Work instruction: Starting with the line that holds "利用历史报表,能够以多种方式", reproduce each line through the last one of the data, exactly as written. Pictures are not copied.

────────────────────────────────────────

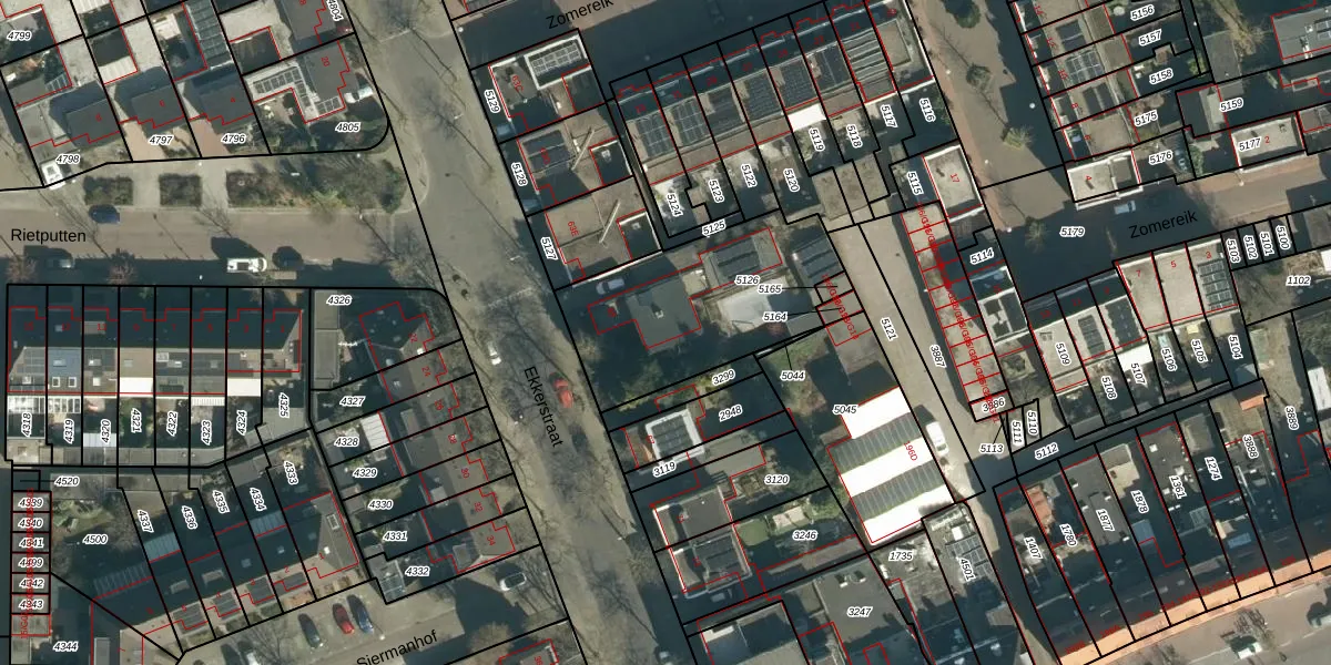 Het perceel waarop Ekkerstraat 65 staat heeft een oppervlakte van 751 m². Dit is een groot perceel. De perceeloppervlakte wordt geregistreerd door het Kadaster. Gedetailleerde informatie over de maten van dit perceel kunt u vinden in het rapport Kadastrale kaart met maatvoering van Ekkerstraat 65.
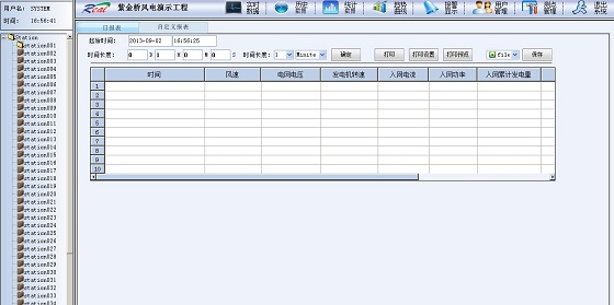 利用历史报表,能够以多种方式显示环境风速、电网电压、发电机转速、入网功率、入网累计发电量等参数的历史记录,方便进行对比、归档、分析、统计数据处理功能。
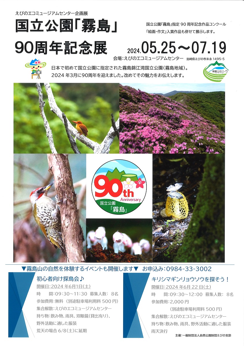 国立公園「霧島」指定90周年記念作品コンクール「絵画・作文」入賞作品も併せて展示します。
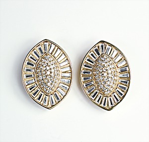 Ohrclips in Navette-Form, goldfarben, sig.: St. John (USA), üppig besetzt mit klaren Baguette- u. runden Strass-Steinen, ca. 35,5 x 26,5 mm
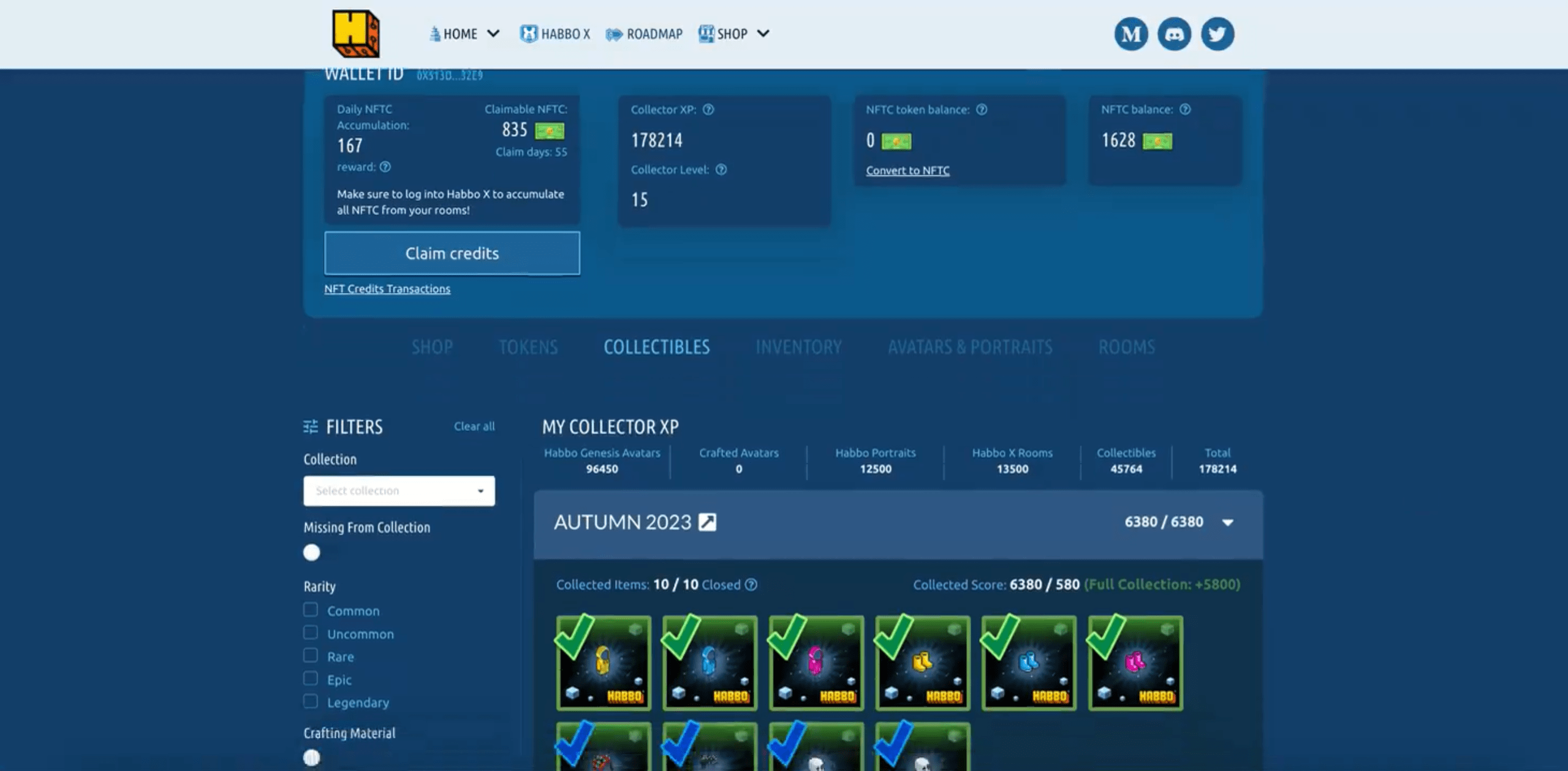 En esta sección también puedes filtrar la búsqueda por colección y por coleccionables (en propiedad o no, por su tipo y por los que son resultados de crafteo).
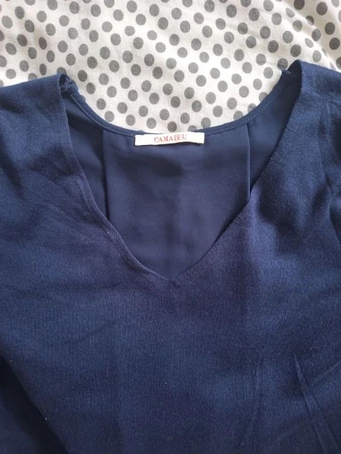 Pull femme bleu marine 38 / 40 bi-matière très bon état - photo numéro 7

────────────────────────────────────────

Exercise output:
 利用历史报表,能够以多种方式显示环境风速、电网电压、发电机转速、入网功率、入网累计发电量等参数的历史记录,方便进行对比、归档、分析、统计数据处理功能。
 国立公園「霧島」指定90周年記念作品コンクール「絵画・作文」入賞作品も併せて展示します。
 Ohrclips in Navette-Form, goldfarben, sig.: St. John (USA), üppig besetzt mit klaren Baguette- u. runden Strass-Steinen, ca. 35,5 x 26,5 mm
 En esta sección también puedes filtrar la búsqueda por colección y por coleccionables (en propiedad o no, por su tipo y por los que son resultados de crafteo).
 Pull femme bleu marine 38 / 40 bi-matière très bon état - photo numéro 7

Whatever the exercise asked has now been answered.